In this letter of introduction, your goal is to present your product or services as something beneficial to a potential client. If you are writing to investors, your letter needs to convince them to hear more about your business idea and consequently invest in your company. In the same sense, if you're proposing collaboration between you and another business, your letter should outline how working with you will benefit your potential partner.
When Should You Use a Business Proposal Letter?
The main purpose of a business proposal letter is to introduce your company to another business, a prospective client, or a potential investor. To be concise and straightforward, you must include why you're writing, which could be for the following purposes:
- To propose a collaboration
- To ask for a capital investment
- Partnership proposal
- Sponsorship proposal
- Sales proposal
- Marketing proposal
Typically, proposal letters fall into three categories:
- Formally solicited business proposal letter: This type of letter responds to a request for proposal (RFP) initiated by a prospective client. For example, you'll send this when you receive a request for a quotation or information about your products or services. You'll also send a solicited proposal letter whenever you're asked to submit a bid for a project.
- Informally solicited business proposal letter: At community or networking events, you may encounter prospective clients or investors who may want you to contact them to discuss a sales pitch or a collaboration further. Your response could be in the form of this type of proposal letter. There are no rules given for writing an informally solicited proposal letter, but it's best to be professional at all times.
- Unsolicited business proposal letters or cold calls: Most proposal letters can be categorized as cold calls. Cold calling is a technique that marketers use to solicit sales or offer products or services to potential clients.
How to Write a Business Proposal Letter
You can find business proposal templates and sample letters online. You can create them from proposal letter templates, as well. To help you compose an effective and compelling letter, review the sections below.
Letterhead and Contact Information
If you're sending a physical letter, follow the general convention for formal letter writing. Your contact details, including business name and logo, should be at the top of the letter. You'll enter the date just below that. Then, include the recipient's contact information.
If you're sending the proposal through email, input your name and purpose for writing in the subject line as a substitute for a business header.
Address the Recipient
Start your letter with a formal greeting — research how your recipient prefers to be addressed. You can find this information from their company website if they have one or you can connect with them through social media platforms, such as LinkedIn.

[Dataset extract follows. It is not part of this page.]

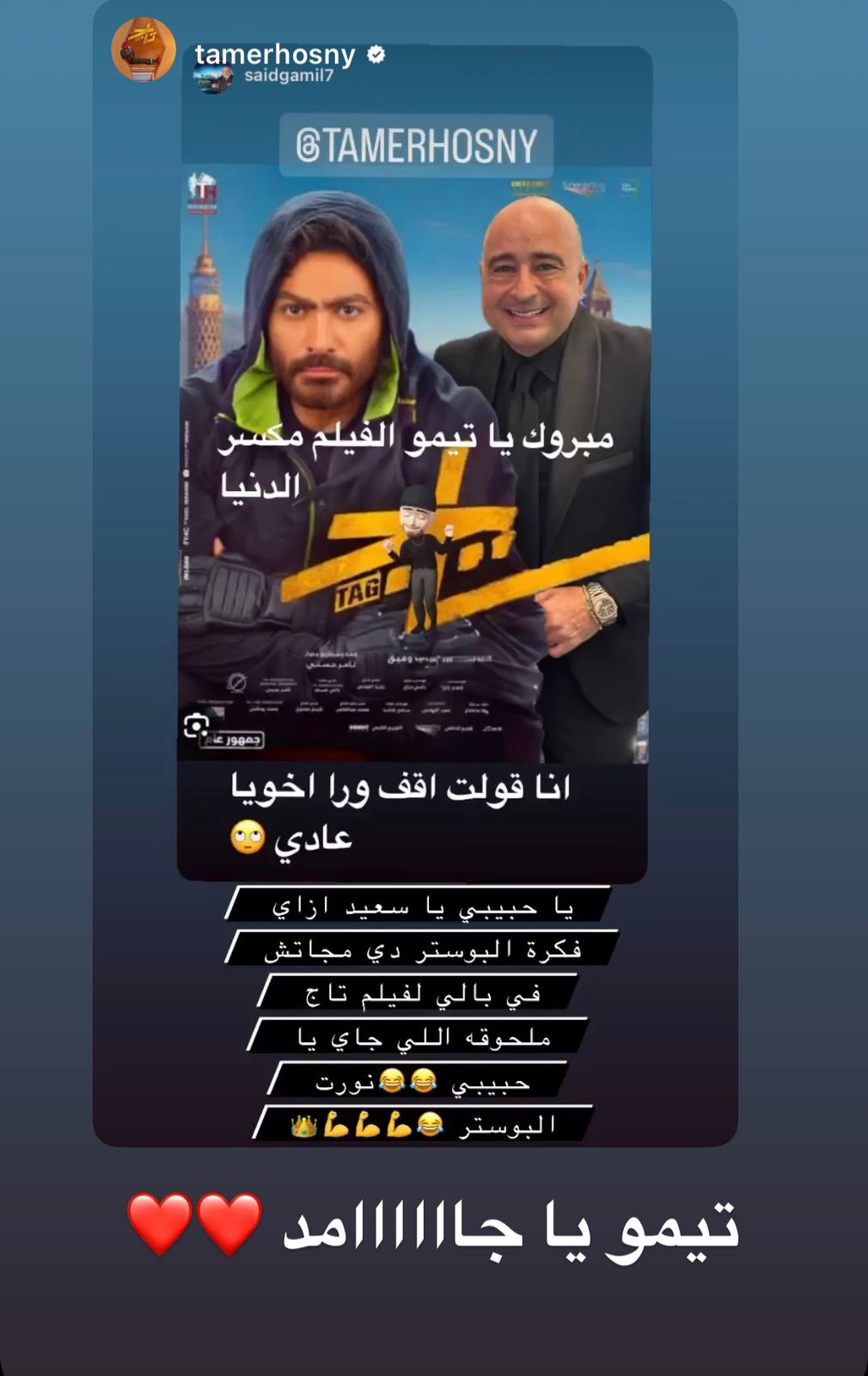 وكتب سعيد جميل على حسابه الرسمي بـ فيس بوك منشورًا، معلقًا فيه: ألف مبروك يا تيمو.. الفيلم مكسر الدنيا وطول عمرك مختلف، أنا قولت أقف ورا أخويا عاد يعني.

Start With Background Information
The first paragraph of your letter should entice your recipient to keep reading. Introduce your business. Mention background information about your company, your qualifications, and the services or products you offer. Then, briefly mention the reason for your letter and why you would be a better choice than your competitors.
If you are sending the letter as a response to an inquiry initiated by the recipient, mention it for context. If you already have a business relationship with the company, remind the recipient of that, as well.

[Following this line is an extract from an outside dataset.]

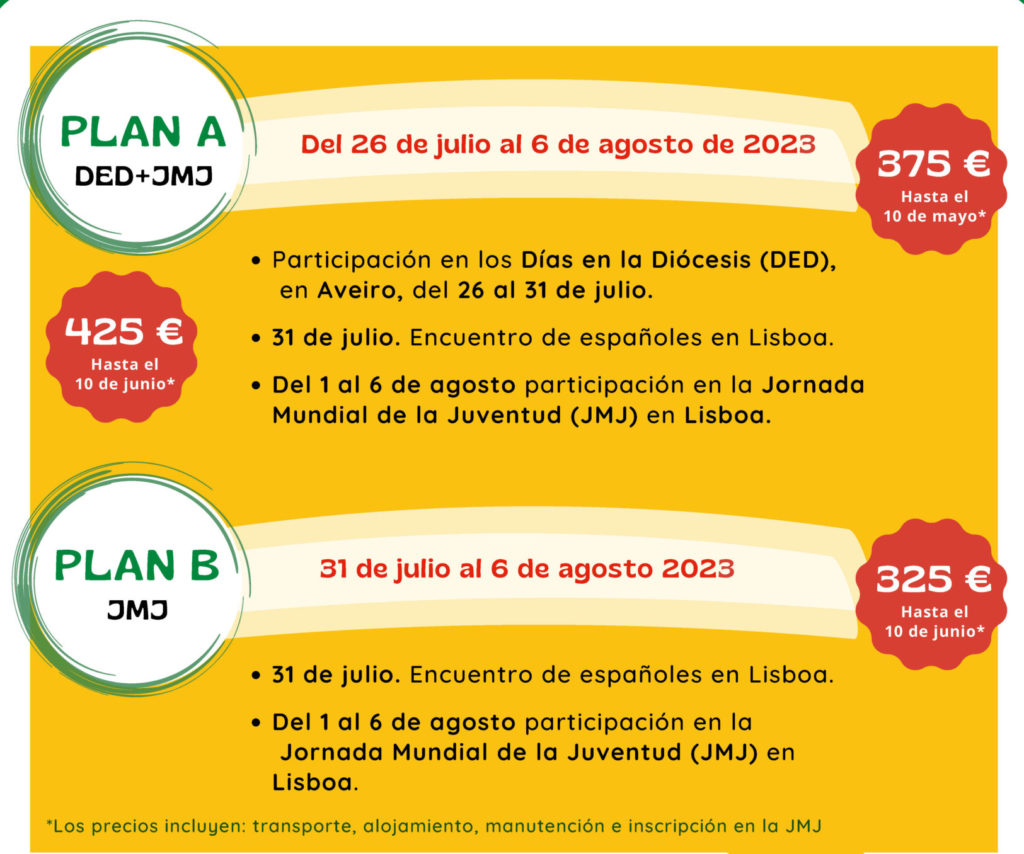 Además, desde la Diócesis se ofrece la oportunidad tan solo de participar en la Jornada Mundial de la Juventud, a un coste de 325 euros.

State the Purpose of the Proposal
In this part of your letter, discuss your intention for writing and what you intend to accomplish. For example, are you asking to work together on a project or are you offering a solution to an issue they've been having?
If you're writing to discuss a collaboration, make sure you provide clear details and basic terms of the arrangement. If you're making a sales pitch to offer products or services, discuss your understanding of their problem and your viable solution. Include relevant information as proof that you've done your research and you know how to help.
In this section, you'll also discuss pricing and the methodology. Elaborate how you plan to solve the client's problem or how a partnership will benefit the other company. If you have the statistics and numbers, you can add your proposal's short-term or long-term benefits. Make sure your goals are SMART.
- Specific — clear and definitive (For example, if you're proposing to launch products together, mention that doing so will increase their sales by 50%. Back up your claim with case studies and calculations.)
- Measurable — can be easily checked
- Achievable — realistic and practical
- Relevant — goals should be relevant to your client's current business situation
- Time-bound — setting a timeline makes the goal specific and measurable
Request a Follow-Up
In this section, thank the reader for their time and increase your chances of getting a response by adding a call to action (CTA). A CTA is a straightforward action for your recipient to take if they'd like to proceed. It could be as simple as replying to your email, giving you a phone call, or signing and returning a form.
Close this section with a specific date and time when they can expect your follow-up call or email.
Don't Forget Supporting Documents
Remember to attach any relevant forms, case studies, and other documents to make your proposal letter more compelling. You can mention the attachments in your closing section. As an alternative, list all enclosures at the end of your business proposal letter.
At this point, make sure you proofread your letter for any grammar mistakes, spelling errors, and typos. Get another set of eyes to look it over and ensure that it is perfect.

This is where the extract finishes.